Table 5. Univariate and multivariate analysis of prognostic factors in group a, bc, and d.
Factors | Group a (N = 65) | Group bc (N = 140) | Group d (N = 59) | |||
---|---|---|---|---|---|---|
Univariate | Multivariate | Univariate | Multivariate | Univariate | Multivariate | |
P value | P value | P value | P value | P value | P value | |
Age at diagnosis (years) | 0.405 | 0.892 | 0.792 | 0.455 | 0.814 | 0.896 |
Body mass index | 0.350 | 0.939 | 0.425 | 0.311 | 0.887 | 0.671 |
Origin of primary | 0.122 | 0.091 | 0.877 | 0.955 | 0.992 | 0.988 |
The diameter of the largest lesion visible under ultrasound (mm) | 0.743 | 0.216 | 0.600 | 0.715 | 0.046 | 0.029 |
The number of lesions visible under ultrasound | 0.179 | 0.188 | 0.657 | 0.457 | 0.734 | 0.528 |
White blood cell (10^9/L) | 0.982 | 0.167 | 0.579 | 0.390 | 0.784 | 0.364 |
Anti-Streptolysin O (IU/ml) | 0.064 | 0.391 | 0.582 | 0.369 | 0.750 | 0.800 |
Rheumatoid factor (IU/ml) | 0.506 | 0.122 | 0.860 | 0.972 | 0.580 | 0.073 |
C-reactive protein (mg/L) | 0.261 | 0.094 | 0.315 | 0.180 | 0.292 | 0.203 |
Antinuclear antibody profile | 0.999 | 0.998 | 0.459 | 0.626 | 0.209 | 0.339 |
Immunoglobulin G (g/L) | 0.775 | 0.165 | 0.940 | 0.975 | 0.607 | 0.858 |
Immunoglobulin M (g/L) | 0.526 | 0.310 | 0.534 | 0.174 | 0.740 | 0.345 |
Immunoglobulin A (g/L) | 0.459 | 0.078 | 0.334 | 0.883 | 0.130 | 0.159 |
Immunoglobulin E (g/L) | 0.271 | 0.247 | 0.934 | 0.697 | 0.602 | 0.481 |
Complement C3 (g/L) | 0.937 | 0.383 | 0.451 | 0.963 | 0.323 | 0.422 |
Complement C4 (g/L) | 0.076 | 0.333 | 0.371 | 0.855 | 0.642 | 0.947 |
Prolactin (uIU/ml) | 0.536 | 0.355 | 0.038 | 0.050 | 0.421 | 0.307 |
Mammary abscess | 0.520 | 0.634 | 0.069 | 0.046 | 0.553 | 0.231 |
Nipple inversion | 0.542 | 0.521 | 0.645 | 0.832 | 0.767 | 0.479 |
Based on the aforementioned findings, we have chosen prolactin, mammary abscess, and the diameter of the largest lesion visible under ultrasound as the stratification factors for further subgroup analysis. Recognizing that prolactin and the diameter of the largest lesion visible under ultrasound are continuous variables, we employed X-tile software to ascertain the most discriminating cut-off points for these variables to enhance the subgroup analysis. The analysis conducted by the software indicated that the optimal threshold values for prolactin and the diameter of the largest lesion visible under ultrasound are 697 (uIU/ml) and 39 (mm), respectively.
Final stage
Based on the outcomes of the univariate and multivariate logistic analyses from three patient groups, we selected prolactin, mammary abscess, and the diameter of the largest lesion visible under ultrasound as the criteria for further stratification. Consequently, the group bc was divided into group e ( < 700 uIU/ml) and group f ( ≥ 700 uIU/ml) based on prolactin levels. Additionally, the group bc was categorized into group g (without mammary abscess) and group h (with mammary abscess) according to the presence of mammary abscess. Furthermore, group d was stratified into group i ( < 40 mm) and group j ( ≥ 40 mm) based on the diameter of the largest lesion visible under ultrasound. These classifications culminated in the establishment of three distinct stages (Table 6): Stage A, Stage B, and Stage C.

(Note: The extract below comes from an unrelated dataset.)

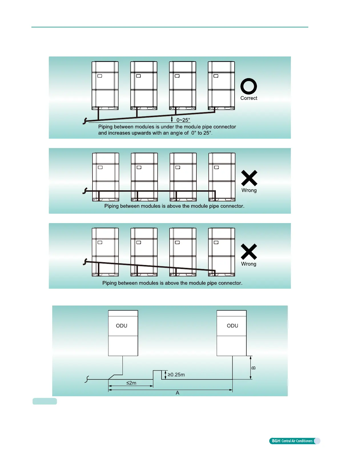 Piping fall and length among ODUs conforms to the following situations.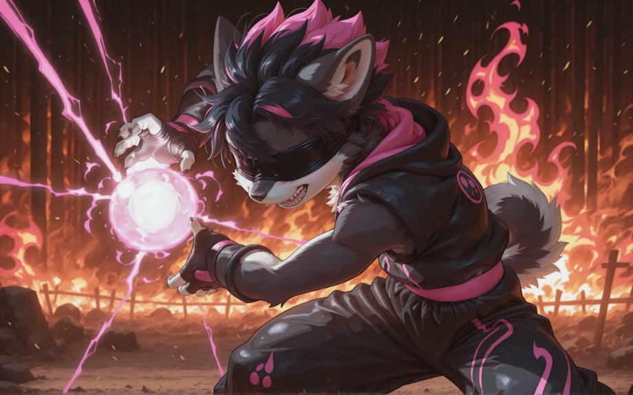 A pulse of pink energy flickered in his palm, small at first, like a spark caught between his fingers. Then it grew, swelling with each breath, each memory, each reason he refused to fall here. The ground trembled as the orb brightened, crackling with arcs of raw power that danced up his arm and lit the forest in neon light.

Table 6. The content of three distinct stages.
Stage A | Stage B | Stage C | ||||||
---|---|---|---|---|---|---|---|---|
Group | N | one-year cure rate (%) | Group | N | one-year cure rate (%) | Group | N | one-year cure rate (%) |
a | 65 | 83.1 | a | 65 | 83.1 | a | 65 | 83.1 |
bc | 140 | 74.3 | e | 108 | 75.0 | g | 22 | 90.9 |
f | 32 | 71.9 | h | 118 | 71.2 | |||
d | 59 | 57.6 | i | 25 | 76.0 | i | 25 | 76.0 |
j | 34 | 44.1 | j | 34 | 44.1 |
We selected the AUC value to evaluate the predictive performance of the three stages and found that stage C had the highest AUC value (AUC: 0.642; 95%CI: 0.571-0.714; Fig 1), followed by stage B (AUC: 0.628; 95%CI: 0.553-0.702; Fig 1), with stage A (AUC: 0.614; 95%CI: 0.544-0.684; Fig 1) having the lowest. The Delong test revealed no significant difference in AUC values between stage A and stage B (P = 0.255), nor between stage B and stage C (P = 0.263, Fig 1). However, the AUC value of the stage C was found to be higher than that of stage A (P < 0.001, Fig 1). Given that stage C has the highest AUC value (Fig 1), this study selected stage C as the final stage for evaluating the prognosis of GLM patients and named it the 1st edition of GLM stage. The specific staging details can be found in Table 7.
Fig 1. ROC curves for stages A, B, and C.
Table 7. The content of the 1st edition of GLM stage.
Stage | Content |
---|---|
I | During the entire course of the disease, the patient had neither hyperlipidemia nor microabscess. |
II | During the entire course of the disease, the patient had either hyperlipidemia or microabscess. |
a | There was no formation of mammary abscess throughout the entire course of the disease. |
b | Mammary abscess formation occurred throughout the entire course of the disease. |
III | During the entire course of the disease, the patient had both hyperlipidemia and microabscess. |
a | The diameter of the largest lesion visible under ultrasound was less than 4 cm. |
b | The diameter of the largest lesion visible under ultrasound was 4 cm or greater. |
Discussion
Although GLM was a benign condition, its poor local manifestations had led to redness, swelling, ulceration, and even deformity of the breast, severely affecting the health and quality of life of patients. The reason for the poor prognosis may have been the lack of a consistent standard for disease assessment and the non-uniformity in treatment methods. To address this situation, we referred to breast cancer to establish a staging system for GLM to assess patient prognosis. This study employed logistic analysis to pinpoint the factors influencing patient prognosis and subsequently restructured these factors into a comprehensive staging system.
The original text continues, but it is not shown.